Single sender, sequential delivery. The hub delivers to subscriber A, then B, then C, then publishes the next event. Slow because cross-subscriber latency stacks up.
Sequence numbers + reorder buffer. Each event has a global sequence. Subscribers buffer and reassemble in order. Adds latency = max network jitter.
External total-order broker. Use a single-partition Kafka topic or Raft log. Every subscriber consumes from the same log in the same order. Definitive but expensive.

Most "total order" requirements are actually "per-key order" — much easier with partitioned logs.

Q39. How would you measure whether your broadcast Hub is the bottleneck?¶

Run pprof under load. The Hub is the bottleneck if: - A significant chunk of CPU time is in hub.Publish (especially in the loop and the channel send). - Goroutines pile up blocked on sub.ch <- v (visible in pprof -goroutine). - Lock contention is high (pprof -mutex).

If the bottleneck is elsewhere (handlers, network), Hub optimisations are wasted work. Measure first.

Q40. Critique this senior-engineer claim: "We should always use Cond.Broadcast instead of close because it's faster."¶

False in practice. Channels with close give you: - select integration. - context.Context cancellation. - pprof visibility into who is blocked where. - Type safety on the carried value.

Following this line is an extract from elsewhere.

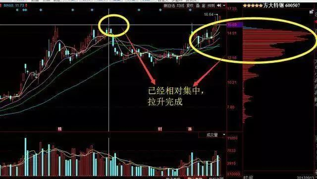 先是筹码在相对低位进行相应的吸筹!在一个相对集中的区域震荡,将市场上的筹码充分吸收,并非切筹码高度集中,这就证明庄家是完成筹码收集的过程,之后就是拉升!

Cond.Broadcast is faster in narrow microbenchmarks but you give up all of the above. The right test: does your hottest broadcast actually appear in a profile? In production code, the answer is almost always no. Choose channels; choose Cond only when the predicate is complex shared state.

Summary¶

Interview questions on broadcast fan from "what does close do?" at the junior level to "design a globally ordered cluster-wide broadcast" at staff. The progression matches the file sequence: junior idiomatic Go, middle library design, senior production hardening, staff architectural choice. Mastery means being able to pick the right tool for the rate, durability, and latency requirements — and to recognise when a "broadcast" problem is actually a pipeline or fan-out problem in disguise.